La constituyente y el llamado de los muertos
(*) Por Álvaro Ramis. Columna publicada en El Mostrador
Una nueva Constitución no puede cambiar los hechos ya vividos, y a lo más puede reinterpretar y reconducir lo ocurrido. Pero de alguna manera esa nueva interpretación del pasado común supondrá un nuevo acuerdo entre muertos y vivos, ligados por el tenso problema de la memoria y del olvido. Por eso nunca hay una hoja en blanco, cuando la injusticia histórica y sus pendientes es la que nos lleva a este punto de evolución como nación. La hoja ya parte escrita con sangre, desprecio, amargura, indignidades. La nueva constitución deberá ser un objeto mnémico, una piedra que recuerde de dónde venimos, y por ello, hacia dónde vamos. Que nos devuelva a las vergüenzas necesarias de cargar, por toda la crueldad que marcó a las generaciones que no alcanzaron más que a padecer y callar.
Un cambio constitucional de esta magnitud implica intentar un pacto transgeneracional, que abarque a muertos, vivos y a quienes todavía no han nacido. Puede parecer extraña esta definición, que rompe con la forma habitual en que habitamos el tiempo.
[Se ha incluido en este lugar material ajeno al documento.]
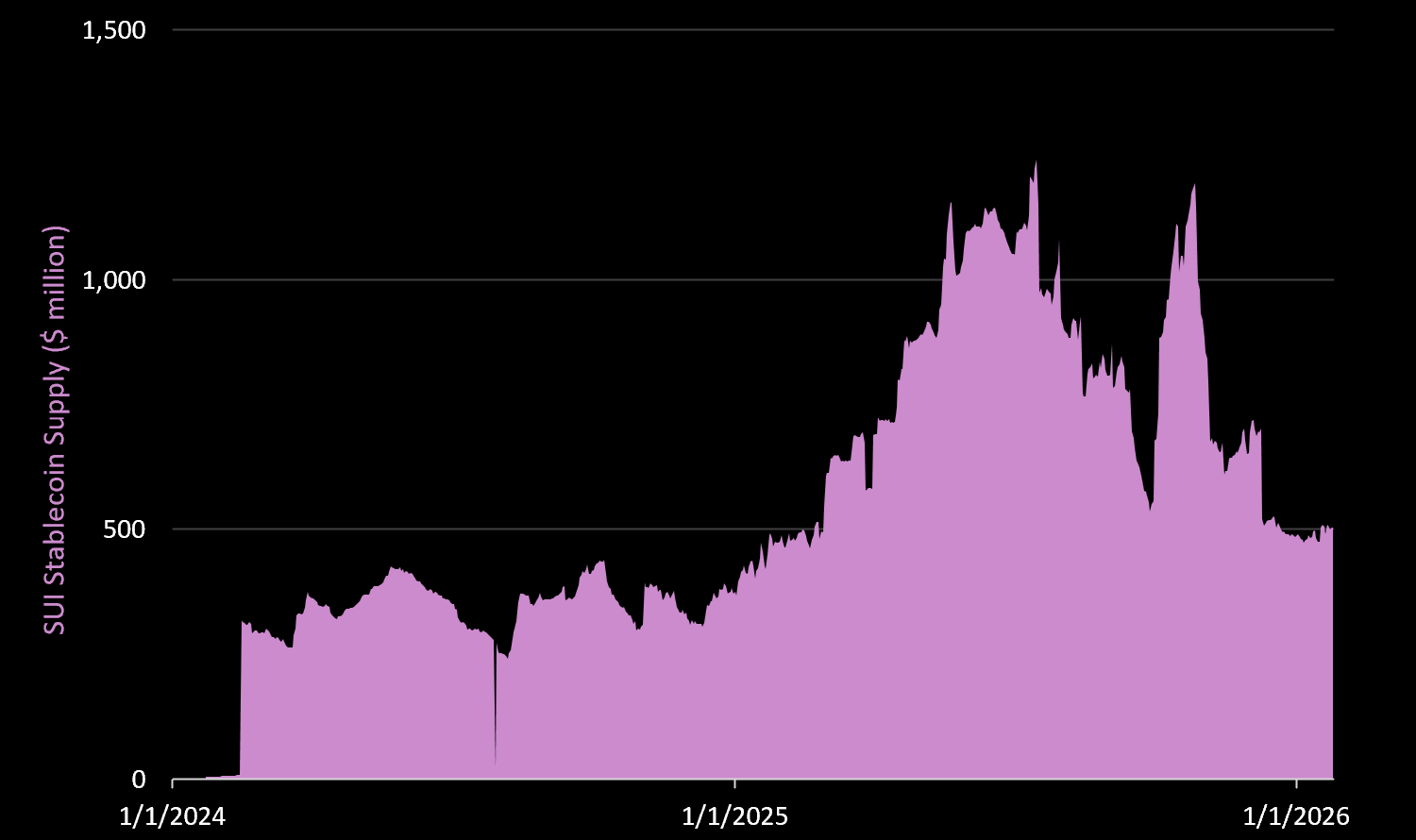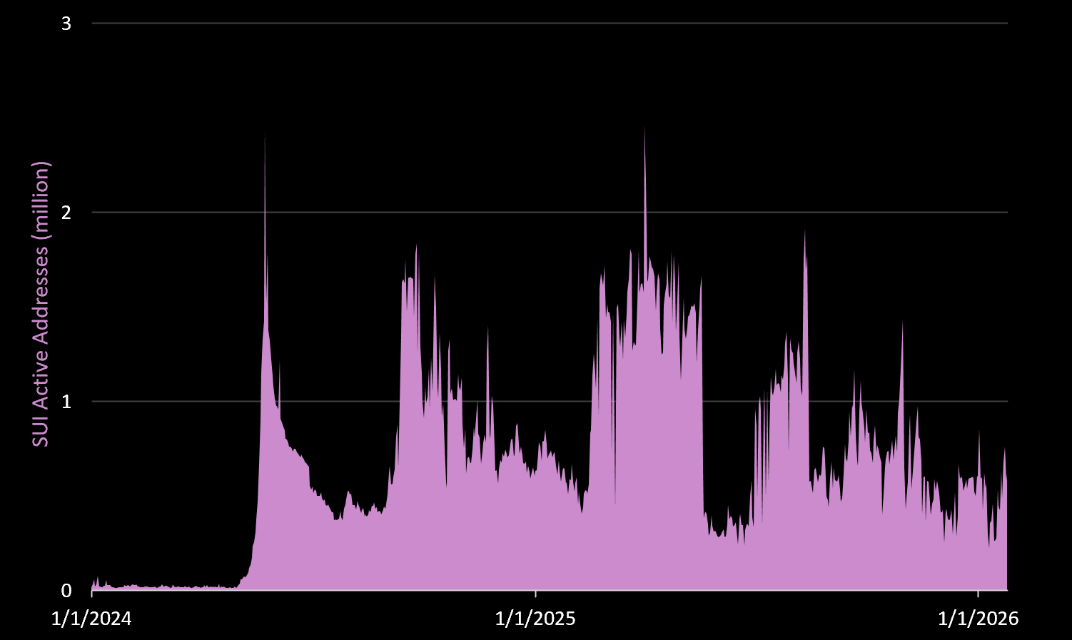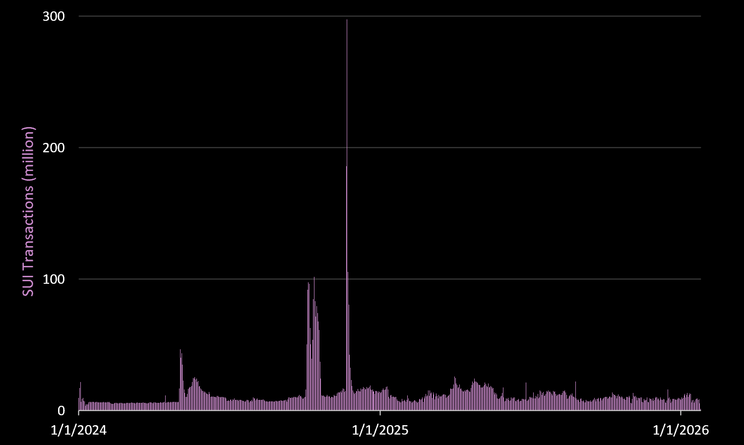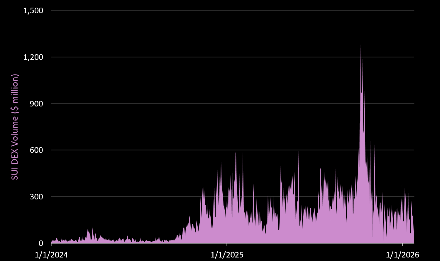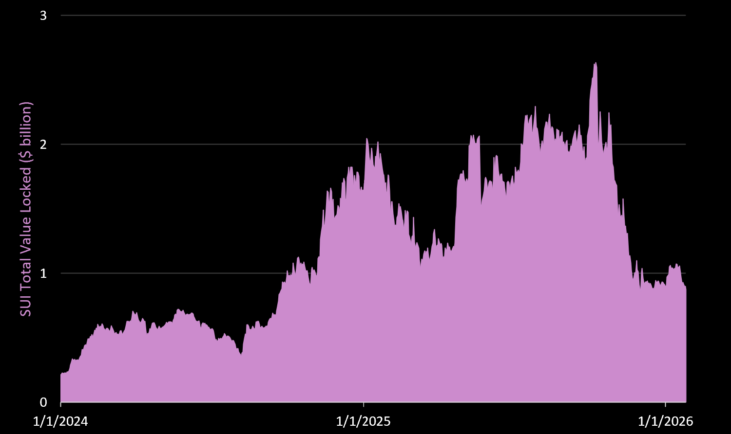 Sui 的总锁仓价值(TVL)目前略低于 10 亿美元,较 2025 年 10 月 9 日峰值的 26 亿美元下降了 61%。我们认为,大部分下降可归因于 SUI 代币价格的下跌,同期该代币价格已下跌 73%。
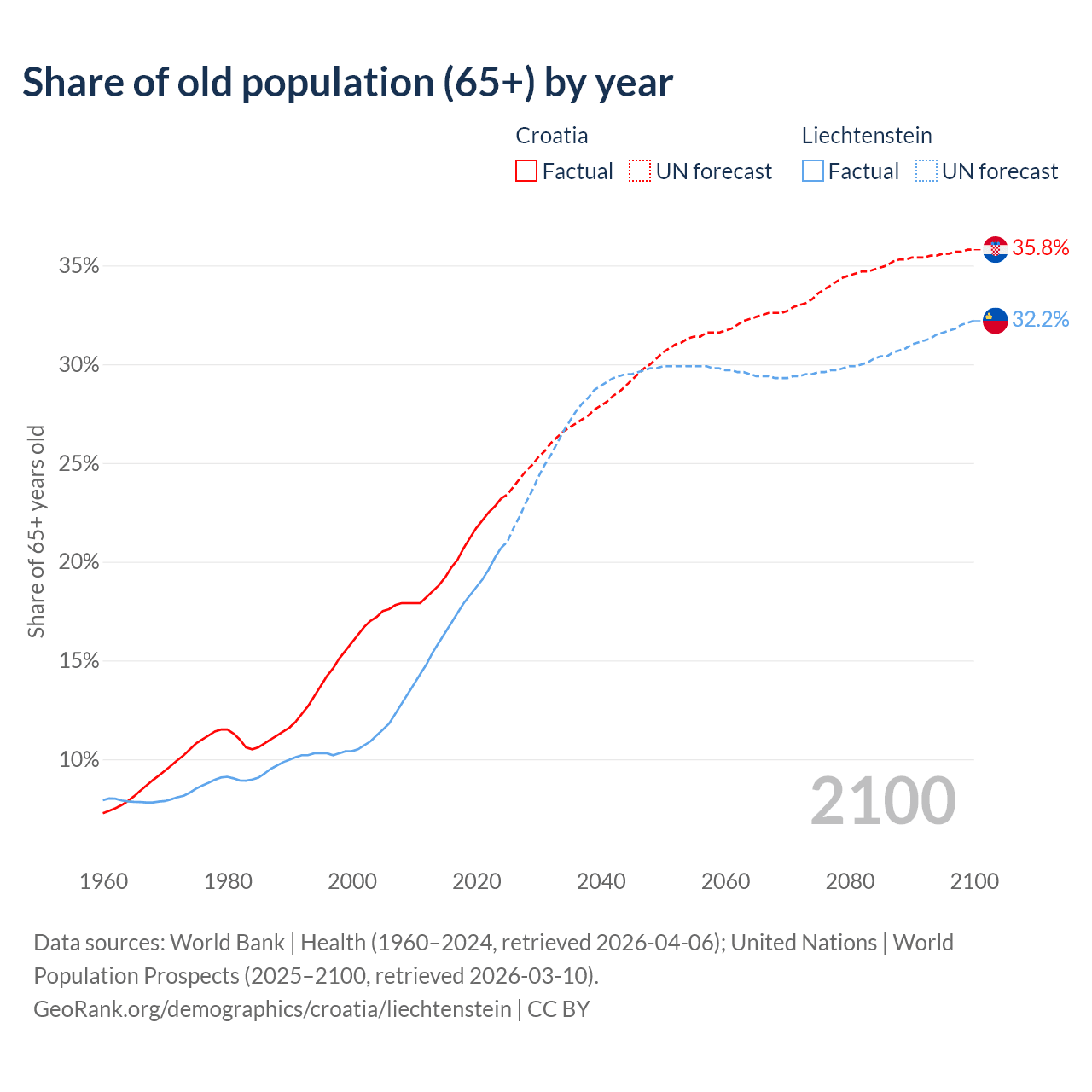 The share of older people aged 65 and over is 23.2% in Croatia and 20.7% in Liechtenstein. Life expectancy in Croatia compared to Liechtenstein .

Pero es ineludible asumir que lo que se defina en el presente tendrá consecuencias respecto a nuestro pasado, porque resolverá dilemas que vivieron nuestros ancestros, y también implicará a quienes no han nacido, pero vivirán los efectos del nuevo marco constitucional.
La naturaleza de este pacto de temporalidades se comprende al leer un hermoso texto, parte del discurso de Piero Calamandrei, diputado en la sesión inaugural de la Asamblea Constituyente italiana, el 7 de marzo de 1947, donde dice: “Creo que nuestros descendientes sentirán más que nosotros, dentro de un siglo, que de nuestra Constituyente nació realmente una nueva historia: y se imaginarán que en nuestra Asamblea, mientras se discutía de la nueva Constitución republicana, sentados en estos escaños no estábamos nosotros, hombre efímeros cuyos nombres serán borrados y olvidados, sino todo un pueblo de muertos, esos muertos que nosotros conocemos uno a uno, caídos en nuestras filas, en las prisiones y en los patíbulos, en montes y llanuras, en las estepas rusas y en las arenas africanas, en mares y desiertos, desde Matteotti a Rosselli, desde Amendola a Gramsci, hasta nuestros muchachos partisanos. […] Ellos murieron sin retórica, sin grandes frases, con simplicidad, como si se tratase de un trabajo cotidiano que cumplir: el gran trabajo necesario para devolver a Italia la libertad y la dignidad. (…) A nosotros nos corresponde una tarea cien veces más llevadera: la de traducir en leyes claras, estables y honestas su sueño de una sociedad más justa y humana, el sueño de una solidaridad que una a todos los hombres en esta obra de erradicar el dolor. Bastante poco, en realidad, piden nuestros muertos. No debemos traicionarlos”.
La Convención Constituyente es un acto de justicia anamnética, una reparación memorial, incompleta e insuficiente, pero que viene a reconocer un sufrimiento causado. Y la memoria de ese daño será un recurso epistémico para la Convención, porque no se puede pensar el futuro sin atender a las causas del sufrimiento vivido, como si la injusticia no hubiera ocurrido y el mundo pudiera seguir como si no hubiera tenido lugar.